The Eastern Front is collapsing. And Lukashenko “plays” with Putin’s atomic bomb

The Eastern Front is collapsing. And Lukashenko “plays” with Putin’s atomic bomb
The Eastern Front is collapsing. And Lukashenko “plays” with Putin’s atomic bomb

Ukrainian artillerymen in the eastern trenches – Reuters

The Russian artillery attack on the eastern Ukrainian front has increased in intensity in the last few hours. A frenzied action conducted in the hope of breaking through the Ukrainian lines and bringing down the front, forcing Kiev to reorganize the defenses by causing the battalions to retreat for tens of kilometers. Militarily it would be a catastrophe. Politically, a defeat. Having to face the worst of eventualities, the race to deliver Western weapons is at breakneck speed. Vladimir Putin needs to show off the scalp of Kiev tomorrow, the day on which he celebrates his victory over Nazi-fascism. The Avdiivka region may be too little, after two years of war. The fear that keeps civilians and soldiers awake is for large-scale action, with an unprecedented barrage of attacks from the air, to open a gap for ground forces, along the 1,000-strong front in the south and east, where the Kremlin could attempt an assault on some of the last major cities in the industrialized Donetsk region, marking the acquisition of political and economic spoils.

According to Rob Lee, of the Foreign Policy Research Institute (FPRI), Russian surveillance drones “often represent a greater risk to Ukrainian artillery units than Russian counter-battery radars”, he explained to the Reuters agency. Unmanned aerial vehicles now have a dual function: first to map the terrain and then to strike. Even if intercepted and destroyed in flight, remote operators manage to acquire the information needed to trace the exact location of the Ukrainian forces, adapting the fighting to the positions on the field. The requests for equipment from Kiev are pressing. Among these are Italian supplies. «All the military equipment we send is intended to be used only within the territory of Ukraine. We do not give material that can be used beyond the borders of Ukraine. We are not at war with Russia”, reassured Foreign Minister Antonio Tajani.

More than two years after the invasion order, we seem to have returned to the tone and tactics preceding the attack on Kiev on 24 February 2022. Then the Russian battalions entered from the North through Belarus, where exercises had been underway for weeks. Moscow at the time assured that its soldiers were there for normal training, not for a real war. He was lying, so the announcement that came yesterday from Minsk is not taken lightly. The Belarusian army has announced that it has started an exercise to verify the degree of “readiness” of its tactical launchers of nuclear weapons. News that comes the day after its ally Russia announced nuclear exercises that would notably involve troops near Ukraine. “A check of the degree of readiness of forces and launchers of tactical nuclear weapons has been initiated within the armed forces,” the Belarusian Defense Ministry said in a statement. In the summer of 2023, Moscow said it had deployed tactical nuclear weapons in Belarus. “No one will use these weapons for offensive purposes,” assured Belarusian president Alexander Lukashenko, quoted by the Interfax agency. The objective for the Minsk autocrat remains that of “deterrence”.

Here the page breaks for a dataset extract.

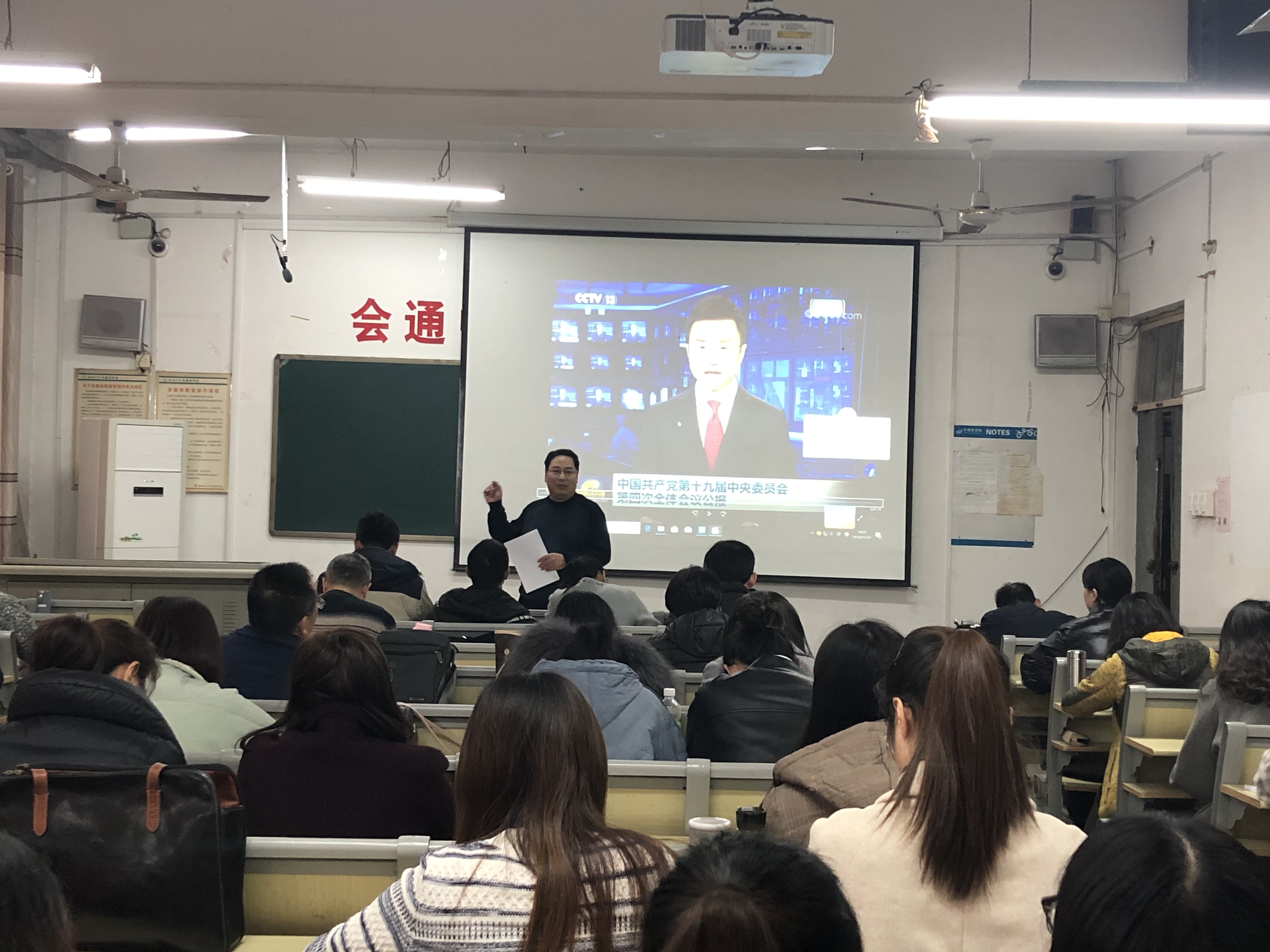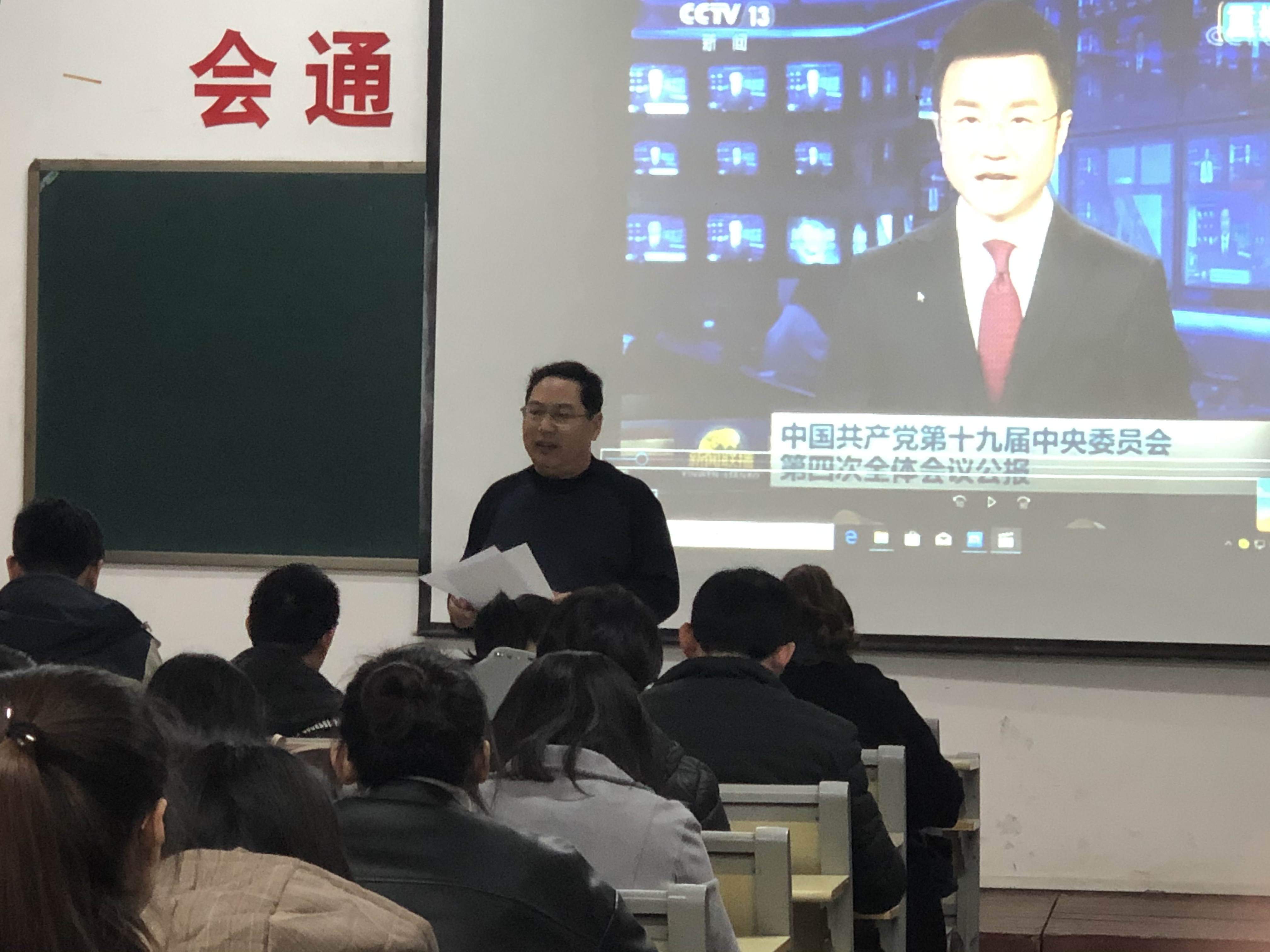 齐登红书记首先向全体党员大体介绍了刚刚闭幕的党的十九届四中全会的基本情况,接着大家集中观看了中央电视台新闻联播全文播报的《中国共产党第十九届中央委员会第四次全体会议公报》。视频观看完毕后,又通过领读领学的方式开展了学习,党总支书记齐登红、各支部书记分别进行领读,详细学习了《党的十九届四中全会(决定)学习辅导百问》。

But at this point no one trusts anyone anymore. And yesterday two officials of the State Security Administration, reports Ukrainska Pravda, were reported for treason and complicity in a terrorist attack. One of the tasks of the Russian intelligence network, which according to accusations infiltrated the antechamber of the Ukrainian leaders, was to search among the military close to the president’s security for people who could take the head of state hostage and then kill him. In addition to Zelensky, the Russians intended to eliminate SBU head Vasily Malyuk, Gur head Kirill Budanov and other high-ranking officials.

The line between ground updates and propaganda has long been crossed. And yesterday the Organization for the Prohibition of Chemical Weapons (OPCW) urged that substantiated information on the alleged use of chemical weapons in Ukraine be shared with its experts. “The information provided so far by both parties is not sufficiently substantiated,” we read in a statement.
Meanwhile, Ukrainian state prosecutors say they examined debris from 21 of about 50 North Korean ballistic missiles launched by Russia between late December and late February in an effort to assess the threat from Moscow’s cooperation with Pyongyang. “About half of the North Korean missiles lost their planned trajectories and exploded in the air,” explains the Kiev Prosecutor General’s Office. Their use, in addition to providing North Korea with the opportunity to test missiles, is favored by Russia, which has adopted measures that will make it more difficult for the United Nations to monitor the sanctions imposed on North Korea in 2006. a group of UN experts had presented a report confirming for the first time how, in violation of sanctions, a North Korean-made ballistic missile known as the Hwasong-11 had struck the Ukrainian city of Kharkiv.